How to give feedback when a team member has let you down

By Richard Foster-Fletcher ACB CL, Toastmasters International 

Most people want to do the best work they can and contribute positively to the team. However, occasionally a team member can get things wrong and let you down, big time. As business owners and leaders, when faced with such poor performance, you may just want to put your head in your hands! However, we know we have to speak to the person as soon as possible. This is likely to be a difficult conversation: with awkward explanations, sullen silences, and general ill-will on both sides. And yet, it is important, because when the work is truly dreadful, honest feedback becomes that much more important.

Having managed quite a few teams in my career, I can say that nothing can make these meetings pleasant. However, certain practices are much more effective than others in softening the blow enough that the message sticks, and the person doesn’t feel demoralised. 

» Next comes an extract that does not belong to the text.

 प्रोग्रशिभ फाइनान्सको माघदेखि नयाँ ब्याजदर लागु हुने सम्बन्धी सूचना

Let me share some steps to make the best of the situation:

Give yourself time to control your emotions. I was only half-joking about the head-in-hands part. Terrible work can make you despondent, or angry, or irritated. None of these feelings are conducive to a healthy conversation, and in this situation, you cannot depend on the other person to maintain composure for both of you. So, take a deep breath, relax, make you are in a calm and collected state of mind before you even think of starting a conversation.

Do it right now. Yes, giving largely negative feedback is not something to look forward to. No, delaying it will not make it any better. It’s very human to procrastinate on such tasks, but the sooner you do it, the stronger your case is likely to be. Time has a way of smoothing out the rough edges in people’s memories, so delaying such unpleasant interactions is likely to make the recipient feel they did a better job than they did. Bottom line, get the job done before time causes the impact of it to fade away.

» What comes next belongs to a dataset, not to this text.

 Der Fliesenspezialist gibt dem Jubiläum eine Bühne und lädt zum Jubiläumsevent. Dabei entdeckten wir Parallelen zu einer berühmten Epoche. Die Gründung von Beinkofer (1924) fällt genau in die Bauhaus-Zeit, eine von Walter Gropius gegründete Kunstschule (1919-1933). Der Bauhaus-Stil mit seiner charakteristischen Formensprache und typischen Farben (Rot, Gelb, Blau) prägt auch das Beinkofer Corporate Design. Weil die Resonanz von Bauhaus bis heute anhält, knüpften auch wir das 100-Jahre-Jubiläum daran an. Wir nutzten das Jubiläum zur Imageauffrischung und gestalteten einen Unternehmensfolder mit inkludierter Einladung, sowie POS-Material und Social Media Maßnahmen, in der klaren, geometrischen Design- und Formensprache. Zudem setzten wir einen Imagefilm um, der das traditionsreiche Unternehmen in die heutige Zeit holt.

Do it face-to-face. It’s tempting to shoot off an email and be done with it. That way, you can pour all the unpleasant truths into the mail and not have to deal with the consequences. But what is good for you is terrible for the person on the receiving end, who, in addition to being upset and defensive, now probably has several questions but isn’t sure if you would welcome them or not. Emails are already bad at conveying positive emotions, so an email of negative feedback is that much worse.

Do it in private. While there are various schools of thought on this, I strongly believe when the work is truly bad, it makes no sense to chew the person out in front of their peers and make it an exercise in humiliation. Doing it in private allows the recipient to open-up a little more, and thus, be more receptive.

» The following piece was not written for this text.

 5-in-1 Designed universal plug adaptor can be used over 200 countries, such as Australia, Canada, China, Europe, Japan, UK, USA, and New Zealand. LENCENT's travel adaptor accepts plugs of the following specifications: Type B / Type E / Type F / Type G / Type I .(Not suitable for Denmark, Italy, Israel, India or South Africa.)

Make a checklist to avoid venting. I’ve been guilty of this before. Instead of discussing the problem, I have slipped into a “feedback loop” where I have gone on at length, attacking the work from various angles but basically saying nothing new and original. Making a small checklist of talking points before the session helps keep me on point and on track.

Identify the root cause. Why do people make mistakes? Especially catastrophic mistakes that make such feedback sessions necessary? In my opinion, it can be boiled down to two things.

  • People care too much i.e. they whip themselves into a frenzy, and thus miss vital details.
  • They don’t care at all and can’t be bothered to do a decent job.

In case of the former, it is important to address their work process and coach them to manage stress and deadlines equally well, while with the latter group, it is the attitude itself that needs to be addressed first.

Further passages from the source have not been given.